Yahoo has announced that seven products will be shut down in a spring cleaning of company services. The product shutdowns were announced by Yahoo via its corporate blog. The shutdowns appear to mimic the way that Google regularly trims underperforming and unpopular services to redeploy talent on more useful products. New Yahoo CEO Marissa Mayer must have thought this was a good policy to bring from Google to Yahoo.
What’s been cut?
- Yahoo avatars (From 1 April.
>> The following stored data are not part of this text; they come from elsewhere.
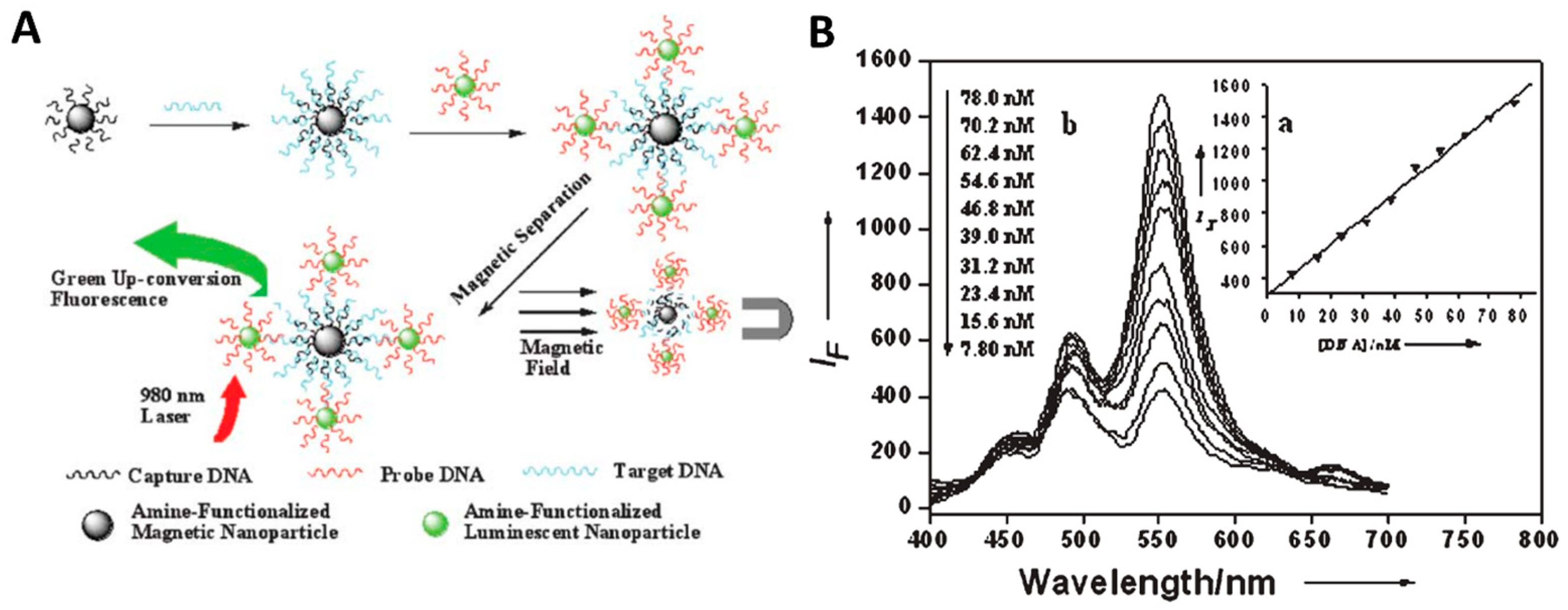 - Direct detection of biomolecules, also known as heterophase detection, refers to the specific recognition and high affinity between the molecules to be measured fixed on the substrate and the rare-earth-doped UCNPs labeled probe molecules [80,81,82,83,84]. The detection based on bioaffinity system is realized according to the proportional relationship between the concentration of the object to be measured and the fluorescence intensity [85]. Wang et al. [86] used NaYF4:Yb, Er UCNPs to design a fluorescence sensor based on magnetic field separation to detect trace DNA sensitively (Figure 8). Firstly, Fe3O4 magnetic nanoparticles were covalently linked to the capture DNA, and NaYF4:Yb, Er UCNPs were covalently linked to the probe DNA. When the target DNA is added to the system, the long strand of target DNA can specifically recognize the complementary sequence fragments on the trapping DNA connected to the Fe3O4 magnetic nanoparticle and the probe DNA connected to the UCNPs, and finally form a three-strand nanocomplex, which is then purified by magnetic separation. It was found that the upconversion fluorescence intensity of UCNPs was linearly correlated with the concentration of target DNA in the range of 7.8–78.0 nm. This method is a good choice for detecting trace amounts of DNA.
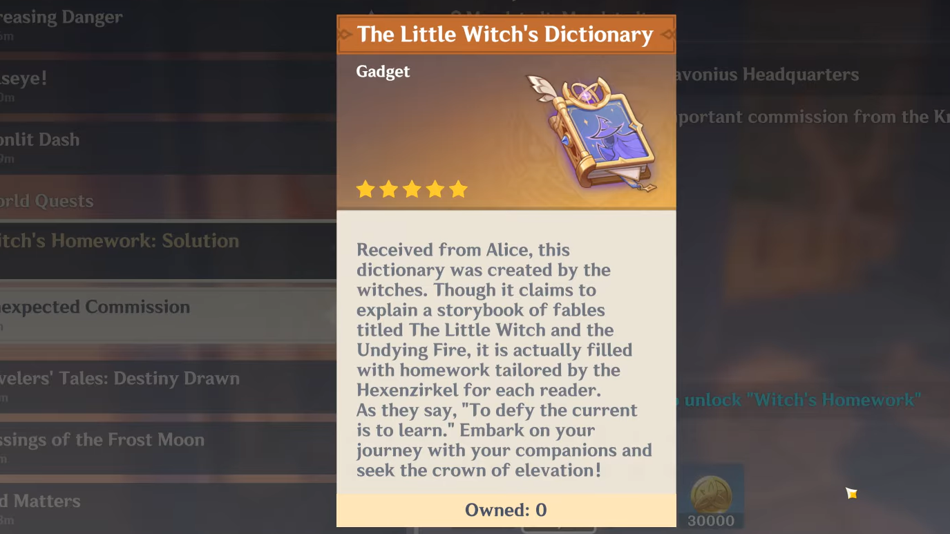 Finishing this quest permanently adds The Little Witch’s Dictionary to your account and unlocks the Witch’s Homework interface, where all Hexerei assignments live.
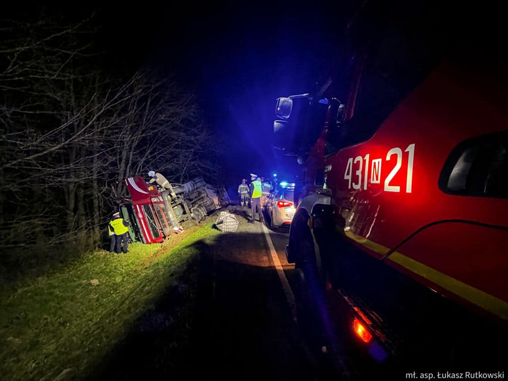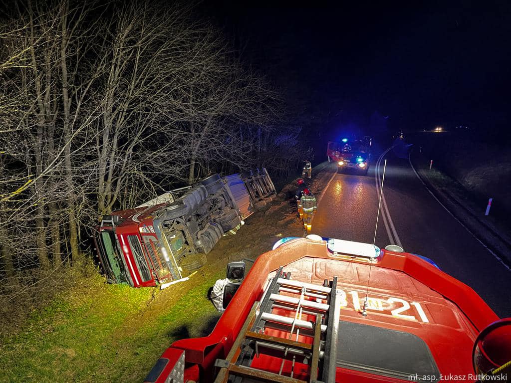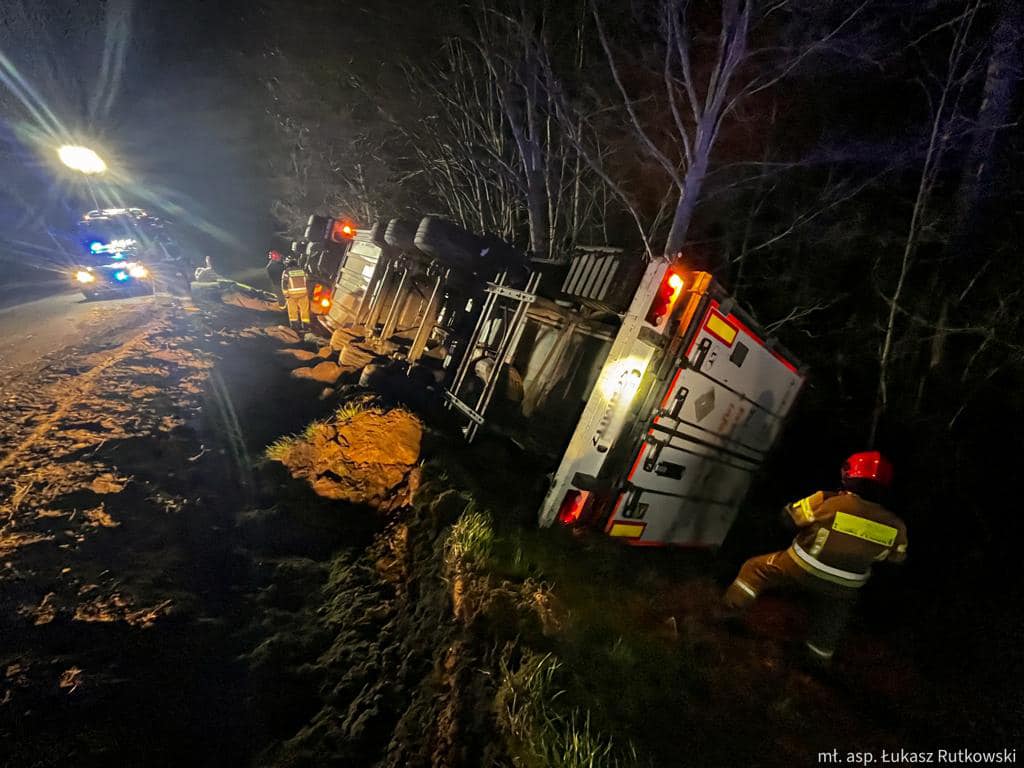 W dniu 13 kwietnia o godzinie 2:19 do SKKP w Ełku wpłynęło zgłoszenie o kolizji pojazdu ciężarowego w miejscowości Golubka, na trasie DK 16 Ełk – Augustów. Po dojeździe pierwszych zastępów na miejsce zdarzenia, Kierujący Działaniem Ratowniczym przekazał informację, iż ciągnik siodłowy z naczepą marki VOLVO znajduje się w przydrożnym rowie przewrócony na prawy bok. Kierowca pojazdu znajdował się w momencie dojazdu Jednostek Ochrony Przeciwpożarowej poza nim i nie potrzebował pomocy medycznej. Działania zastępów polegały na zabezpieczeniu i oświetleniu miejsca zdarzenia a także sorpcji płynów eksploatacyjnych, które wyciekły z auta. W trwającej łącznie 1 godzinę i 36 minut akcji uczestniczyły 3 zastępy Państwowej i Ochotniczej Straży Pożarnej oraz Policja, która wyjaśnia okoliczności zdarzenia.
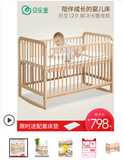2、分析买家的需求  最重要的卖点以显眼的方式展示在主图上,你的买家是追求特价,还是追求品质,是要静音的,还是要功能多的,弄清楚这个,你的主图文案就不会出大错了。  我举两个例子:  第一个比如实木婴儿床,如果你的主图文案上有一句“陪宝宝一起长大的婴儿床”是不是很打动宝妈们的心呢?

Before that date you can download your existing avatar and re-upload it to your Yahoo Profile page)
- Yahoo app for BlackBerry (It will no longer be available to download or be updated but will continue to function)
- Yahoo clues
- Yahoo app search
- Yahoo sports IQ
- Yahoo message boards website (Message boards upon other Yahoo sites will continue to be active)
- Yahoo updates API
Jay Rossiter, EVP, Platforms at Yahoo wrote that the products were only cut “after much thought and deliberation”. The most critical factor the management look at when deciding whether to cut a service is “whether the experience is truly a daily habit that still resonates for all of you today” according to Rossiter.
Just as you might have thought, the trimming of these less popular products will allow Yahoo to focus on improving the popular products like Flikr and Mail. “By continuing to hone in on our core products and experiences, we’ll be able to make our existing products the very best they can be,” explained the Yahoo corporate blog.
No more work at home Yahoos
Also in Yahoo news last week there was a bit of a storm in a teacup following the adoption of another Google policy – workers should be in the office. The San Francisco Chronicle reports that CEO Mayer checked through Yahoo VPN logs to see if remote employees were often checking in during their time out of the office, “Mayer discovered they were not — and her decision was made.” Since that announcement there has been quite a debate about whether teleworking is still the future of office work.